[Assigned task] Using the entries below, copy exactly each line from the line with "Pulvérisez votre solution" up to and including the line with "Les balances de", with every picture left out.

[Source material]
# # # # # # #

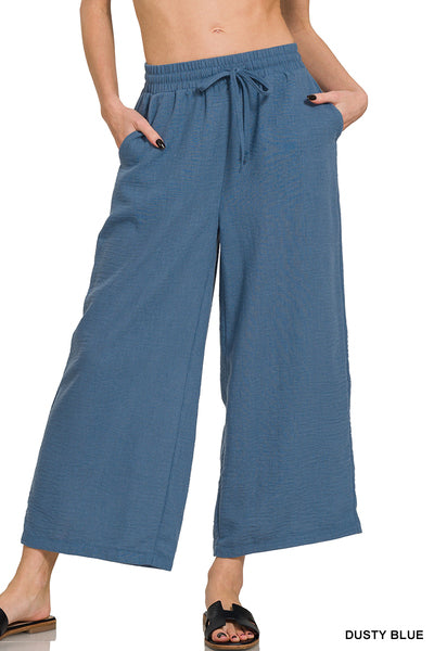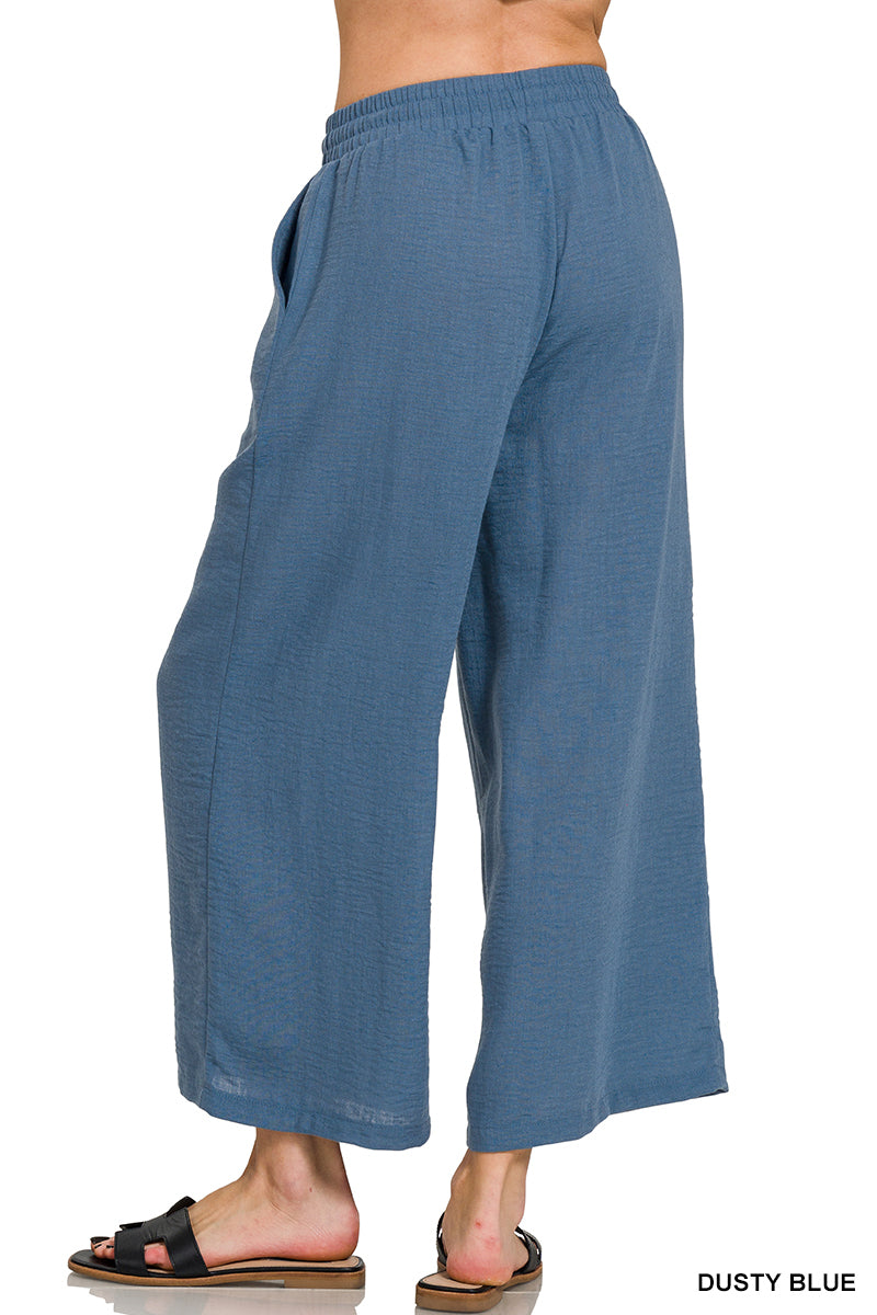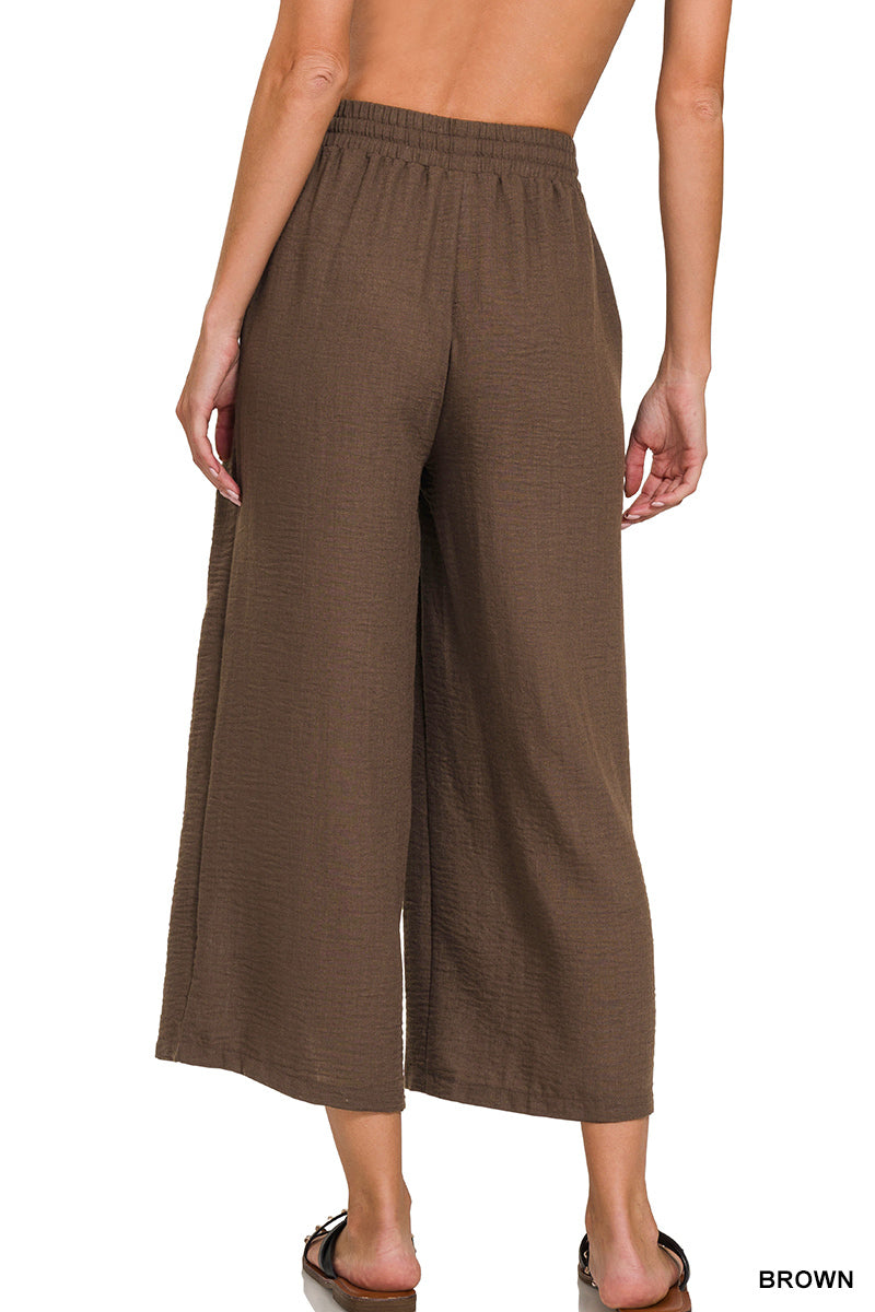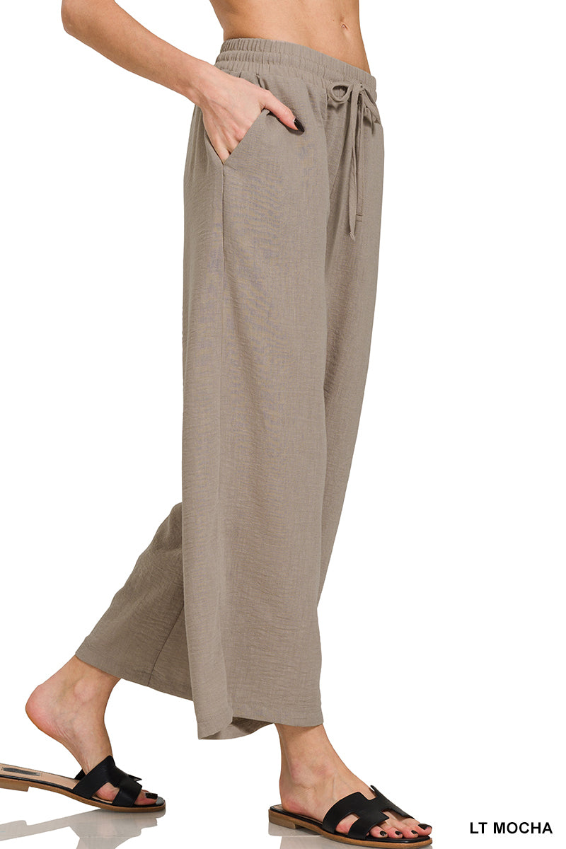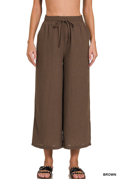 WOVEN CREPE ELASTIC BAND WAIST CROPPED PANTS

# # # # # # #

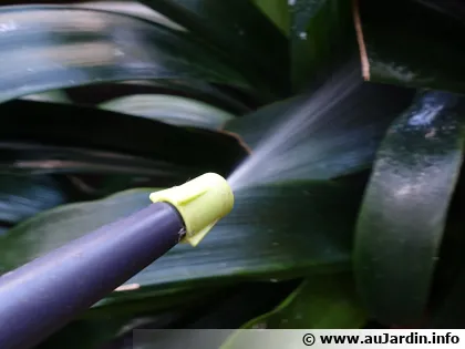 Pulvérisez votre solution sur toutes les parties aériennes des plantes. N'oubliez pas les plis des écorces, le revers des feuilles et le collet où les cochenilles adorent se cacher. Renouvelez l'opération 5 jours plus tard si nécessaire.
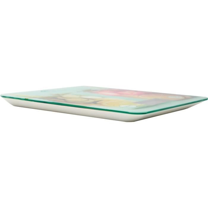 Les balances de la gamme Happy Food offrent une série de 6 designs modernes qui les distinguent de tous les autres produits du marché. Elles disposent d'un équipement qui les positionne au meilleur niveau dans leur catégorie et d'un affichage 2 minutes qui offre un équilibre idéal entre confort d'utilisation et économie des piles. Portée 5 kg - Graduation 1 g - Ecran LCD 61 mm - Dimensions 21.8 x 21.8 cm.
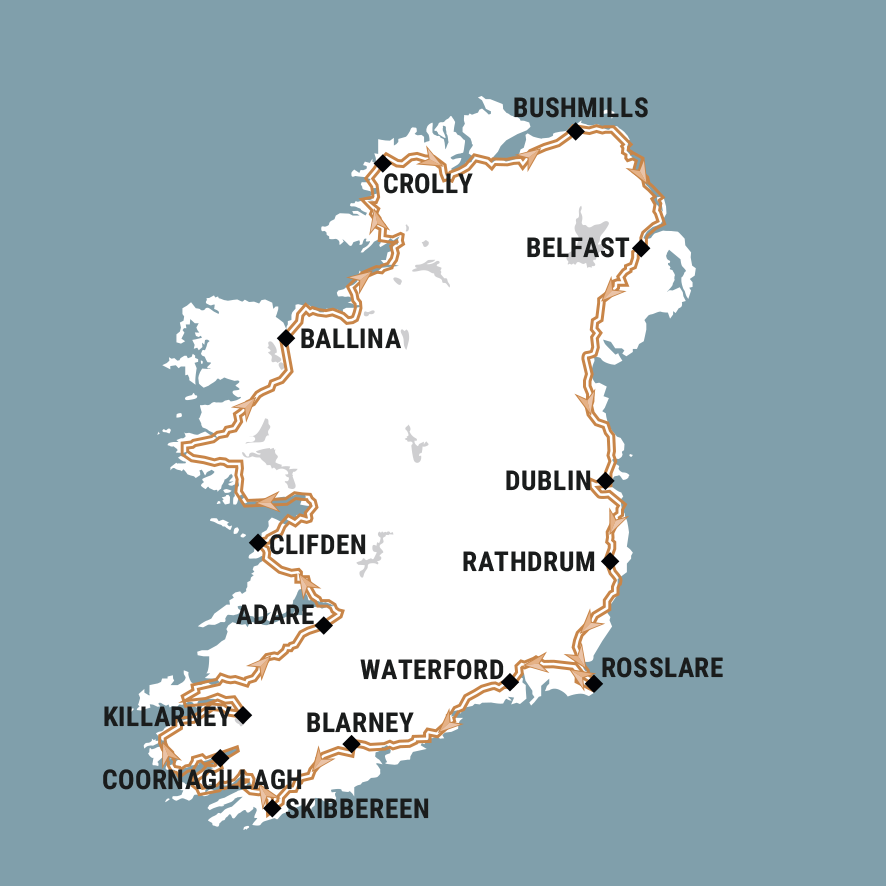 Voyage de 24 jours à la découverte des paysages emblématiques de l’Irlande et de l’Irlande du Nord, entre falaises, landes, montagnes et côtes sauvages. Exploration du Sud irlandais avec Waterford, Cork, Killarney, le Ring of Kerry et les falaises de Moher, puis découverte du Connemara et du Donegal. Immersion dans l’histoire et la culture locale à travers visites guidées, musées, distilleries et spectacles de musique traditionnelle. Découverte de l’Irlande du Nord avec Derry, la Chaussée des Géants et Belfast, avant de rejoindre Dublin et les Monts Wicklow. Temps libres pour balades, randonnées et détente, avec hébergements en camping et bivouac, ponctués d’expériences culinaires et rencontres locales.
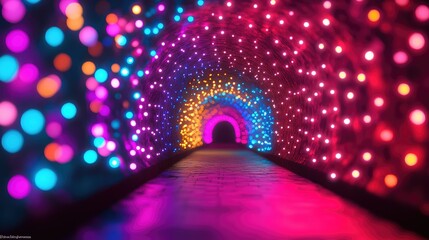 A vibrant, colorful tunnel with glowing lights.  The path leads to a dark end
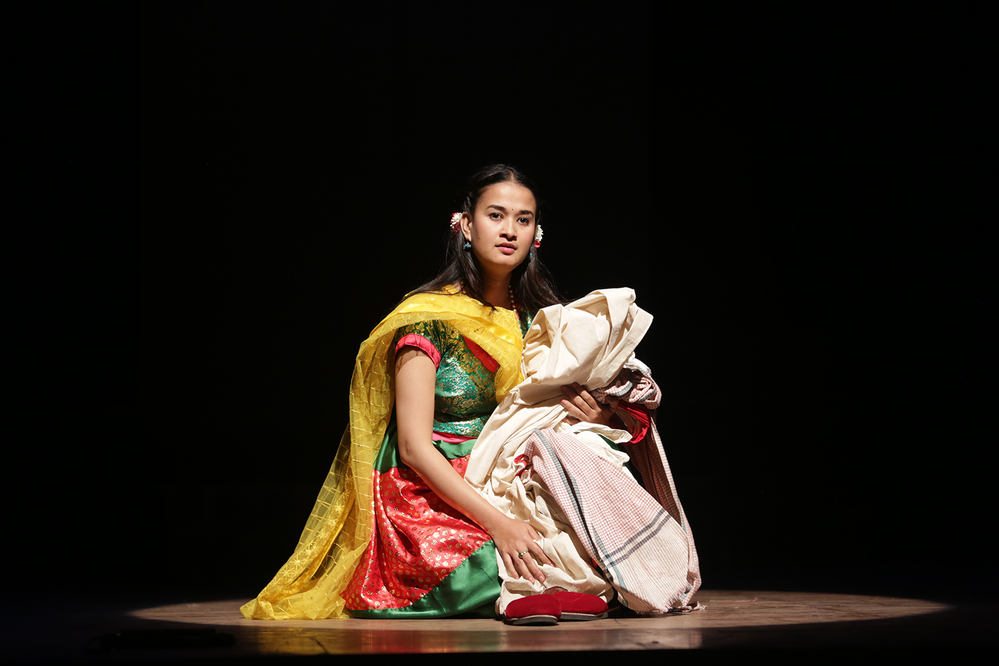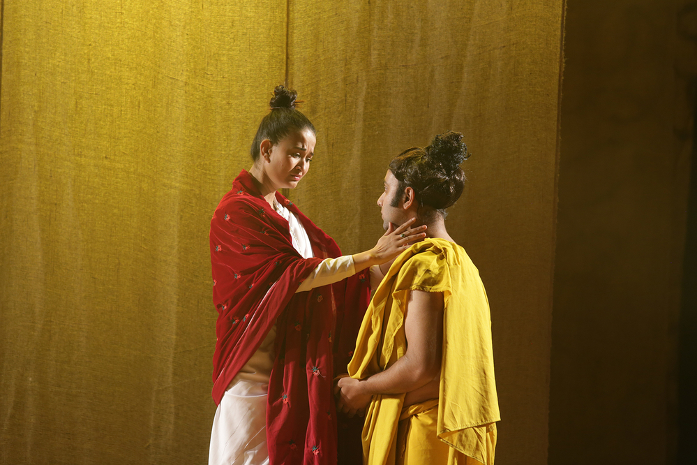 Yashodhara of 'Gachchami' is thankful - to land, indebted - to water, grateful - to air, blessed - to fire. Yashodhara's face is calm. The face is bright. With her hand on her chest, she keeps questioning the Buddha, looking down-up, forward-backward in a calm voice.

# # # # # # #

[Exercise response]
 Pulvérisez votre solution sur toutes les parties aériennes des plantes. N'oubliez pas les plis des écorces, le revers des feuilles et le collet où les cochenilles adorent se cacher. Renouvelez l'opération 5 jours plus tard si nécessaire.
 Les balances de la gamme Happy Food offrent une série de 6 designs modernes qui les distinguent de tous les autres produits du marché. Elles disposent d'un équipement qui les positionne au meilleur niveau dans leur catégorie et d'un affichage 2 minutes qui offre un équilibre idéal entre confort d'utilisation et économie des piles. Portée 5 kg - Graduation 1 g - Ecran LCD 61 mm - Dimensions 21.8 x 21.8 cm.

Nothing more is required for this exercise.